A stochastic event-driven batch-based model, ruled by the Gillespie’s Direct Algorithm [23], has been developed in Matlab (MATLAB 2012b, The MathWorks, Inc., Natick, Massachusetts, United States) by coupling the metapopulation dynamic model representing the herd structure and management with the swIAV epidemiological transmission model. swIAV spread in pig farms is mainly caused by pig-to-pig contacts and airborne transmission [41]. Consequently, the local probability of infection for a batch depends on (i) the within-batch infection process occurring by direct contact and (ii) the between-batch infection process transmitted per airborne route. We assume that—within a batch (i.e. within a room)—all animals have the same contact rate with their infected roommates and are equally exposed to the infectious pressure from infectious animals in neighbouring rooms (all the rooms belonging to the same facility). The epidemiological model is an extended SIR model—Susceptible (S), Infectious (I) and Recovered (R)–also accounting for MDAs and possible reinfection by the same subtype (Fig 2). Indeed, field data suggest a possible reinfection in sows which could explain the observed rise of HI (Hemagglutination Inhibition) titres according to parity [4,5]. Newborn piglets born to immune sows acquire swIAV MDAs by colostrum intake (health state M) providing partial protection towards infection [4,13,15,16].

Within-batch interactions

Two within-batch transmission rates, β₁ and β₂, are considered according to the infection-history: β₁ applies to infected animals I₁ and β₂ to re-infected animals I₂ (Table 2). Faster onset of the immune response is assumed for animals already exposed to the virus, due to an immune system memory effect, leading to a shorter shedding period with lower levels of virus shedding. Therefore, a factor φ was introduced to reflect the potential impact of the immunity boost in re-infected animals on both transmission efficacy and shedding period (${\beta }_2=\phi {\beta }_1, \frac{1}{{\gamma }_2}=\phi \frac{1}{{\gamma }_1}, 0<\phi <1$). In addition, the duration of the immune period after reinfection is assumed longer ($\frac{1}{{\sigma }_2}=\frac{1}{\phi }\frac{1}{{\sigma }_1}$).

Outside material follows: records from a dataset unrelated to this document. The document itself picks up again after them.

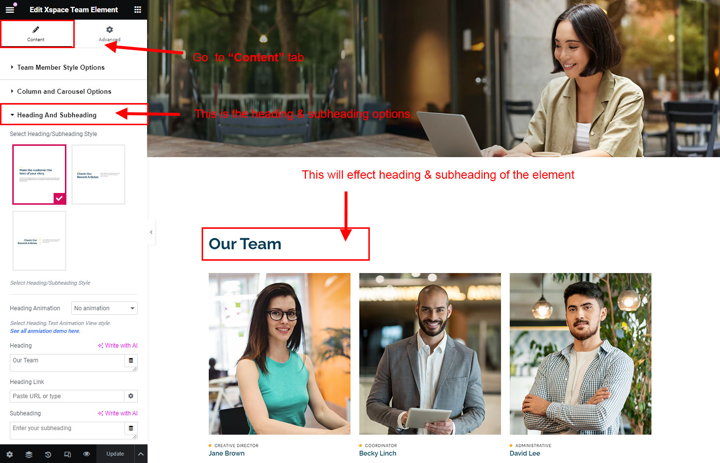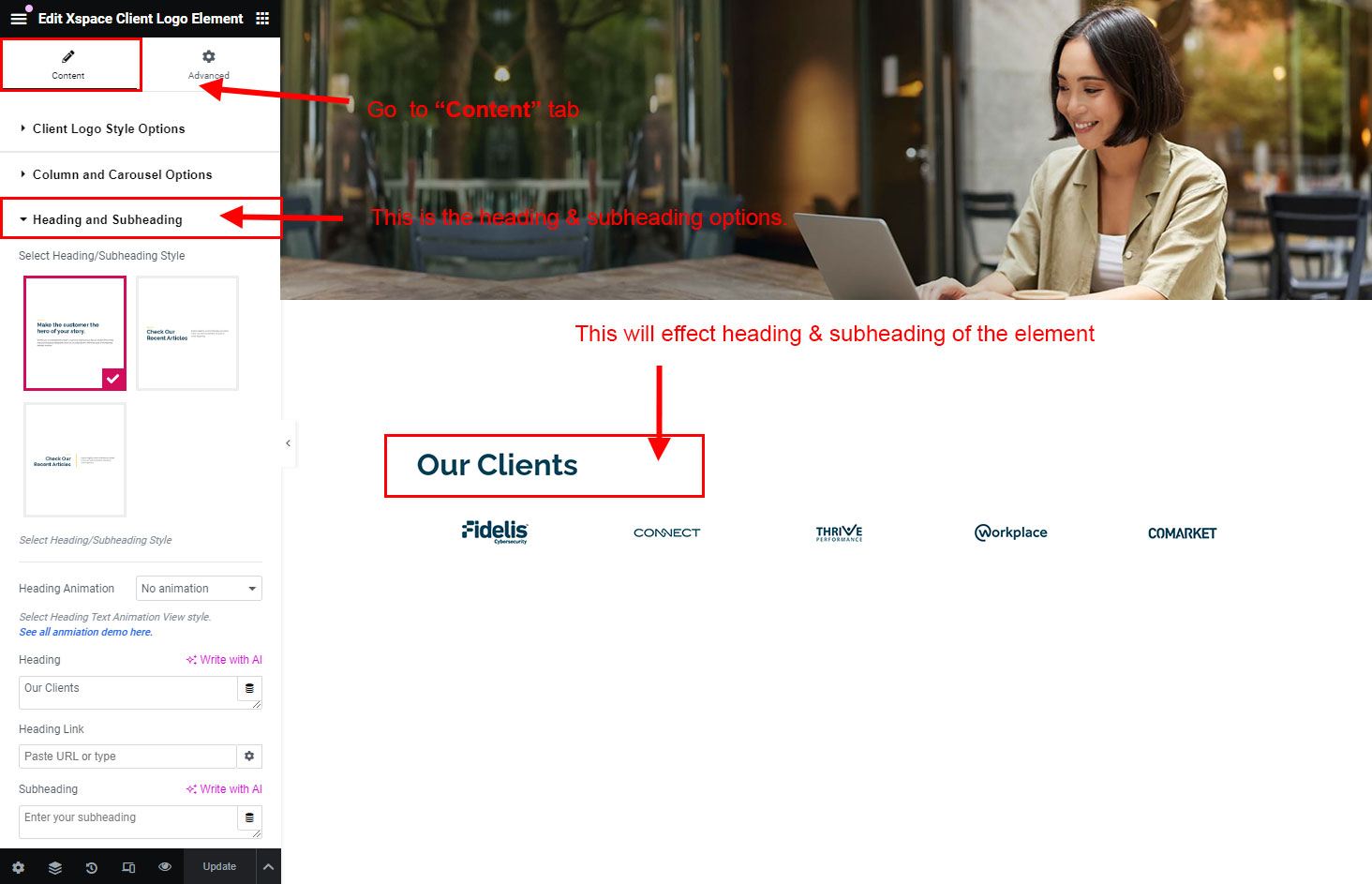 The heading and subheading will appear at top of the element. You can change text, add link to the heading or subheading, change alignment, change tag (for SEO purpose) etc.
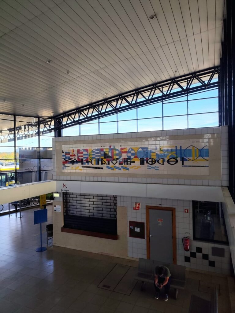 Painéis de azulejos integrados na arquitetura da estação, onde a arte de Nadir Afonso faz parte do próprio espaço de circulação ferroviária.
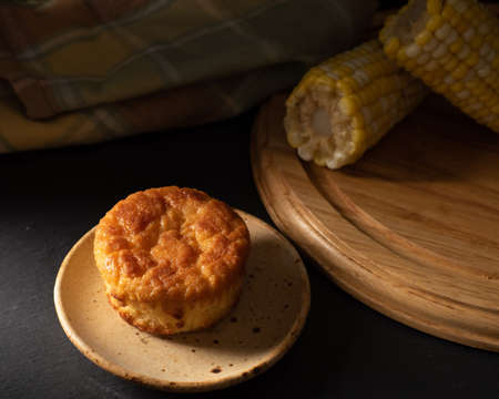 Golden Cornbread Muffin on rustic plate over dark background. Corn cobs. Dark rustic background.
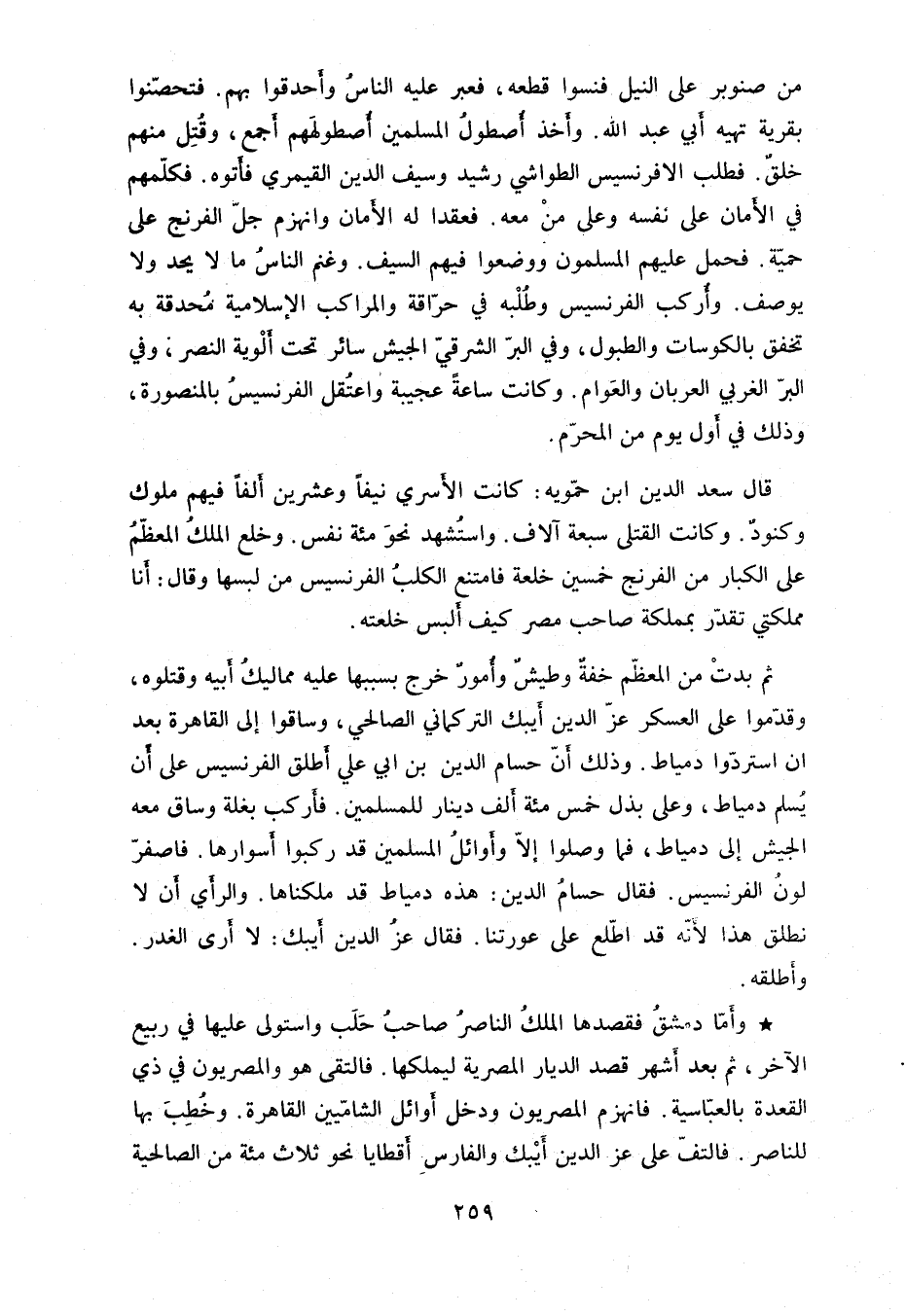 وذلك أن حسام الدين بن أبي علي أطلق الفرنسيس على أن يسلم دمياط وعلى بذل خمس مائة ألف دينار للمسلمين.
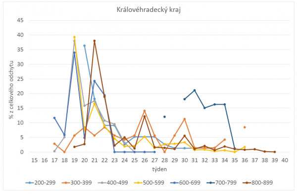 Královéhradecký kraj (sledování v sedmi výškových intervalech) byl v rámci sledování průběhu rojení lýkožrouta smrkového téměř typický. První rojení proběhlo v 19.–22. týdnu, i když ne vždy zde byl patrný posun nadmořských výšek (to může být ovlivněno např. expozicí). Sesterské přerojování bylo zaznamenáno ve 26. týdnu. Druhé rojení bylo zaznamenáno v 30. týdnu. Třetí rojení bylo evidováno pouze ve výškovém intervalu 300–399 m n. m., a to v 36. týdnu. V ostatních výškových intervalech se neprojevilo (ukončení odchytů v 39. týdnu). Zcela atypicky se projevily odchyty ve výškovém intervalu 700–799 m n. m., pro které se nesnažíme nalézt vysvětlení, bylo by příliš spekulativní.

Next, a reduction of susceptibility to infection in MDA-positive piglets is considered [16]. A factor ε (0 < ε <1) was introduced to represent the increase of piglets’ susceptibility while passive immunity waning. Therefore, the force of infection depends on the proportion of infected pigs and the host immune status.

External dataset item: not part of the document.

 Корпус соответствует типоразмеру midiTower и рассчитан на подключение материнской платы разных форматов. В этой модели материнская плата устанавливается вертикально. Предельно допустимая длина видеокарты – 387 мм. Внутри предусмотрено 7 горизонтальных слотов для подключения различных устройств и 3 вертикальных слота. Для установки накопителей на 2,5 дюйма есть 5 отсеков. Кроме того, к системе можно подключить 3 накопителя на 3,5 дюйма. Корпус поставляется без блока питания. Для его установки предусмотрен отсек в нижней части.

Between-batch interactions

Farrowing, nursery and finishing facilities are divided in several rooms housing distinct batches of animals. Hence, the model accounts for between-batch interactions via airborne transmission from neighbouring rooms and the corridor during animals transfer between different facilities. For that purpose, a specific transmission rate β_air was considered. Infectious aerosols are produced by shedding pigs hence the proportion of shedding animals in neighbouring rooms is used as a proxy of the viral load in the air.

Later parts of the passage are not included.